Gonadal estrogen interacts with other hormones to control food consumption and fat distribution; for instance, lower estrogen in middle-aged and postmenopausal women leads to greater fat accumulation as well as less response to anabolic stimuli such as training (Hansen et al. 2009b).
Estrogen plays an essential part in weight management due to its influence on resting energy expenditure.
An increase in resting energy expenditure means more calories burned when at rest, making it simpler to sustain healthy weight levels.
Estrogen can have an influence on fat distribution in the body; lower estrogen levels tend to correlate with an increase in abdominal fat storage.
By understanding how estrogen impacts weight management, individuals can take proactive measures to optimize estrogen levels and support overall health and well-being.
1. Follicular Phase Raise Resting Energy Output
Women during their menstrual cycles’ follicular phases when estrogen production peaks require significantly more energy to move their bodies than non-menstruating women do.

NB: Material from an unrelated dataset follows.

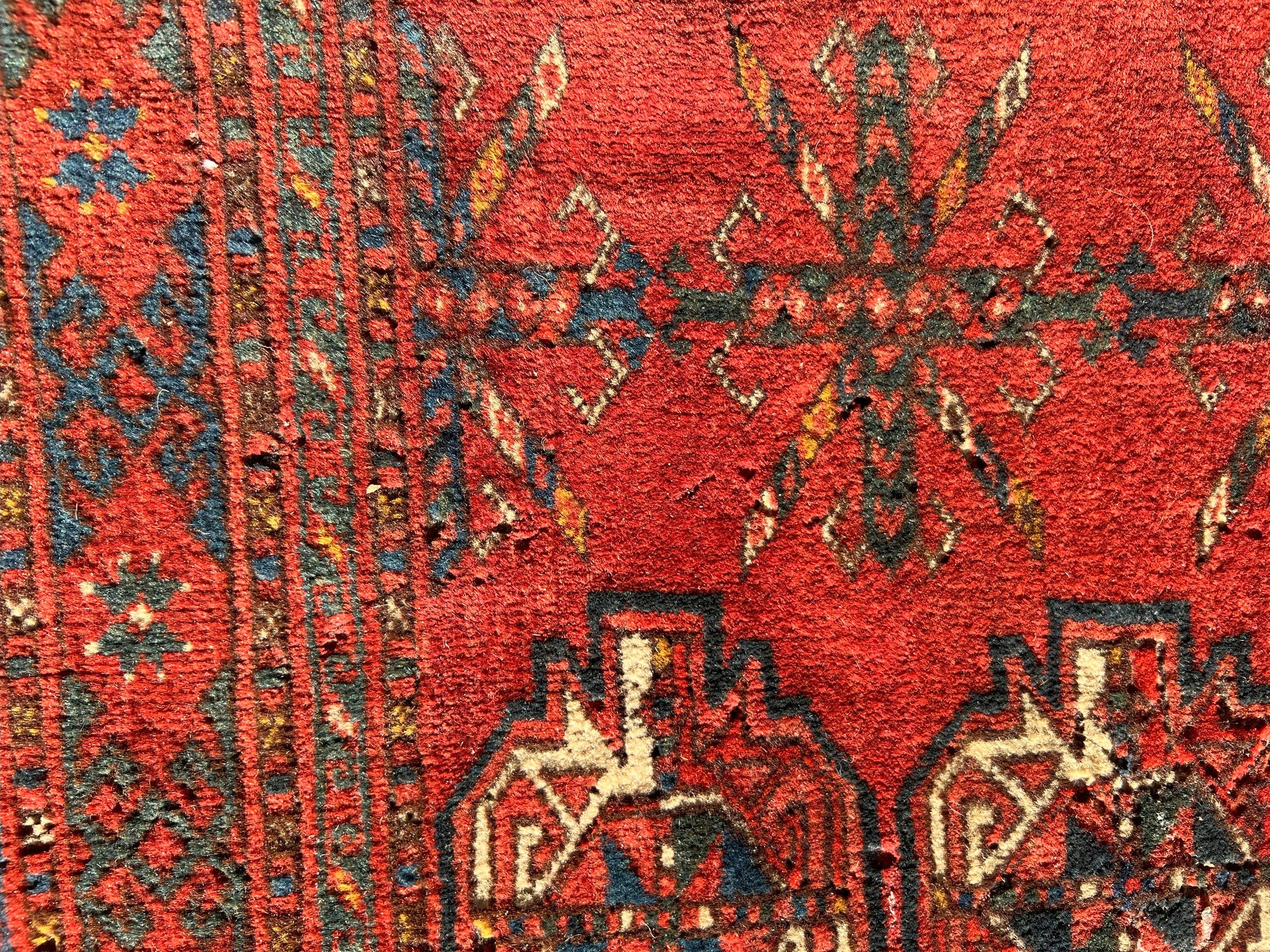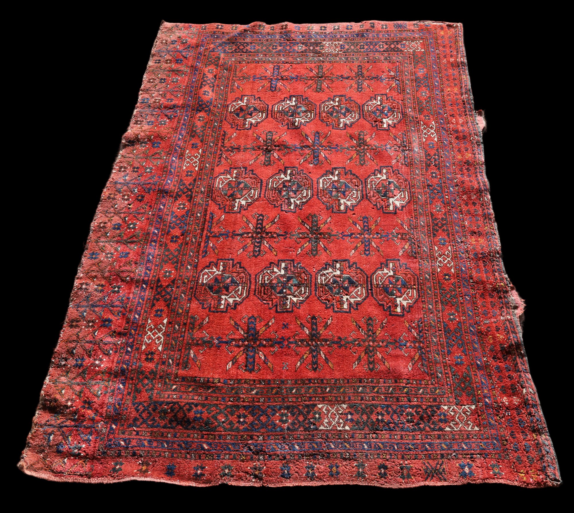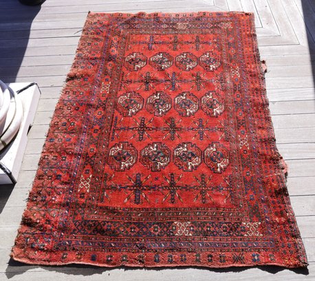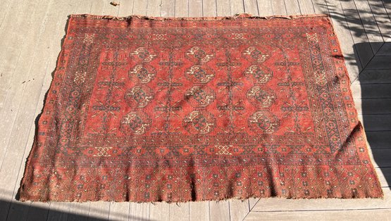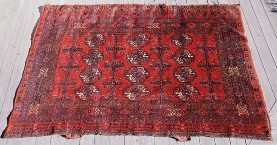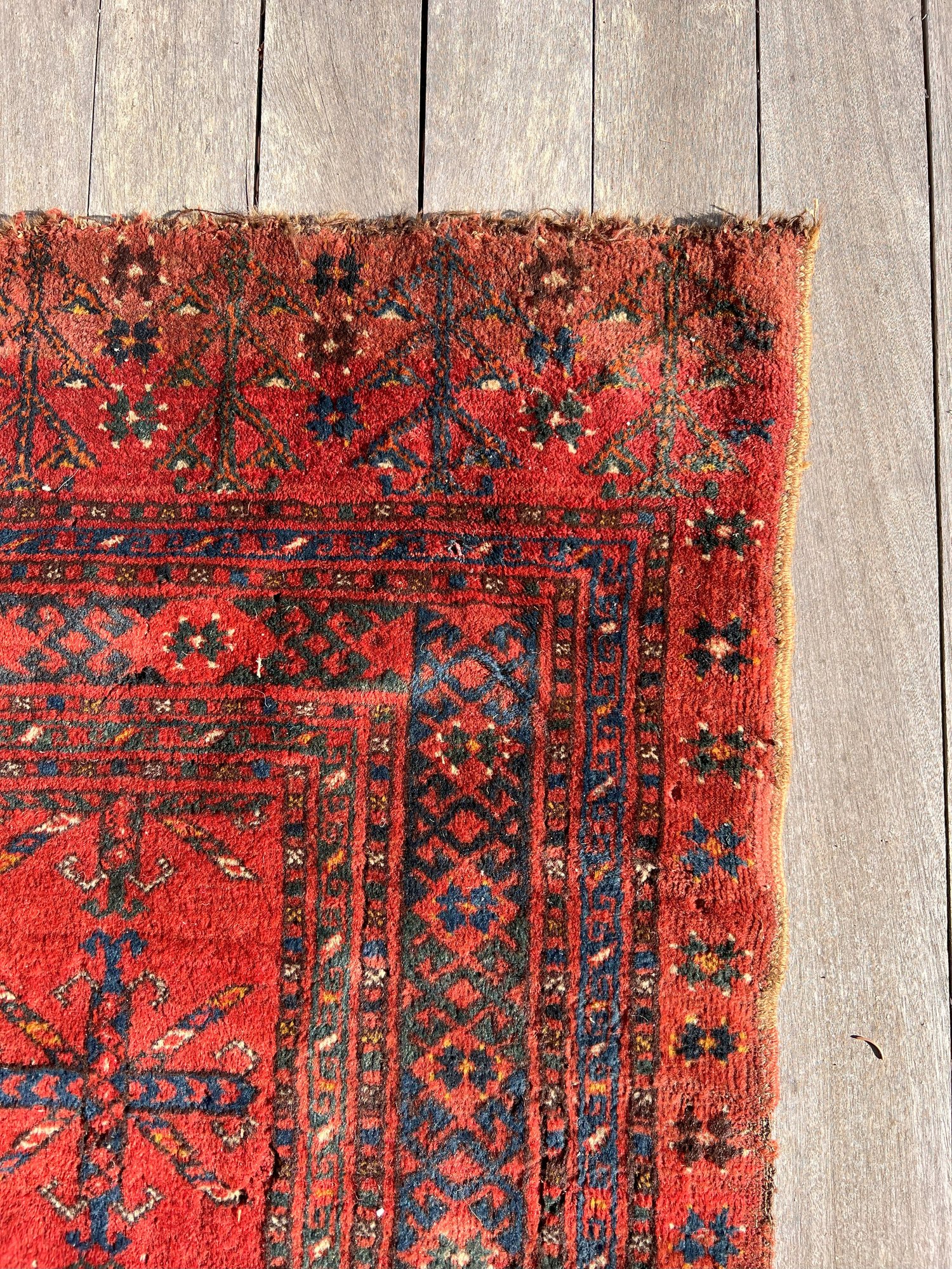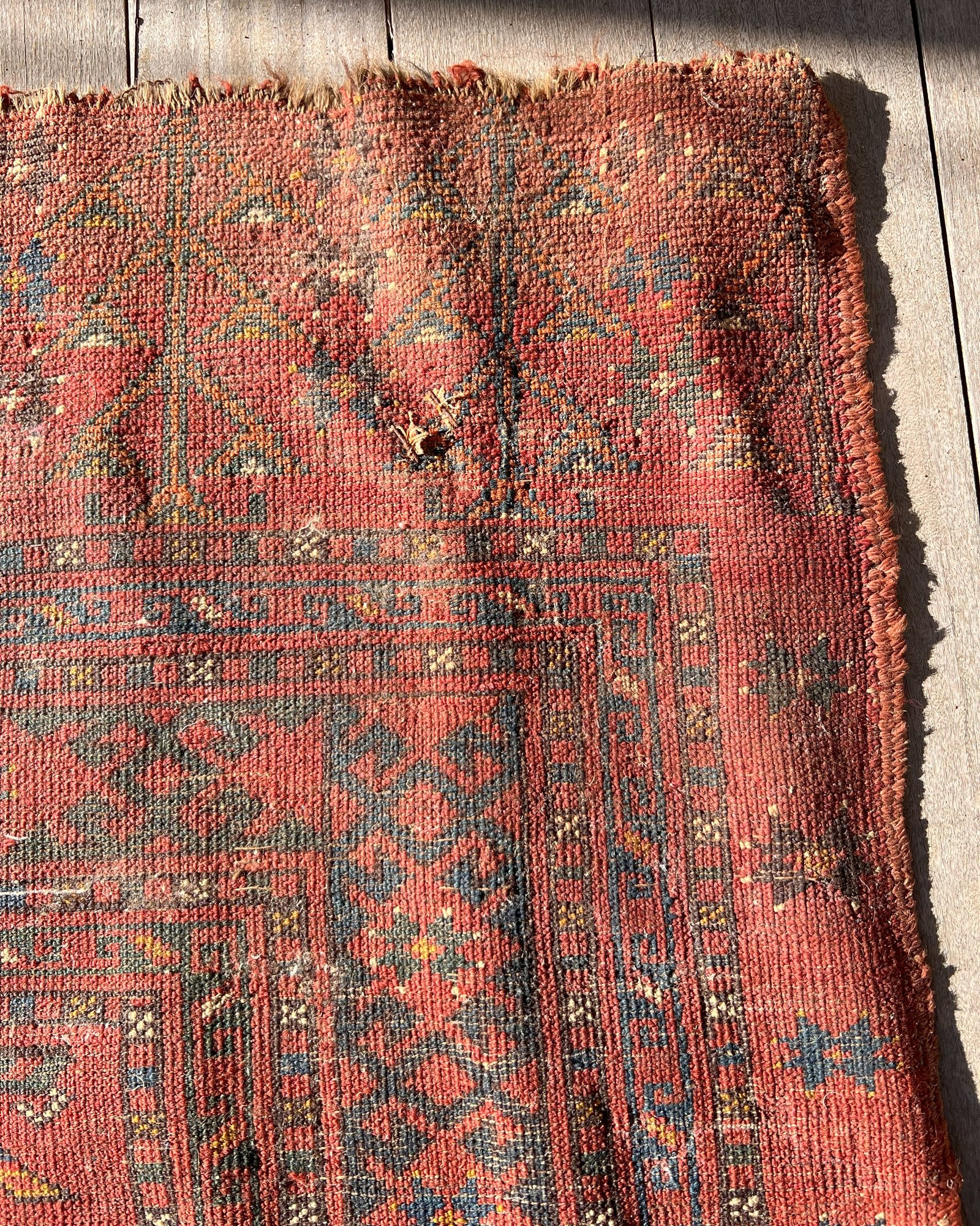 This is a beautiful antique rug, a real oldie, though it shows some wear around the edges.

Increased estrogen content causes glucose to form and be utilized by type I muscle fibers for endurance performance improvement (Oosthuyse & Bosch).
Female sex hormones not only directly influence bone and muscle health, but their low levels have indirect ramifications on energy metabolism through orexigenic and anorexigenic systems in the hypothalamus.
Estrogen interacts with orexigenic neurons via estrogen receptors on these neurons to influence food intake and body weight regulation.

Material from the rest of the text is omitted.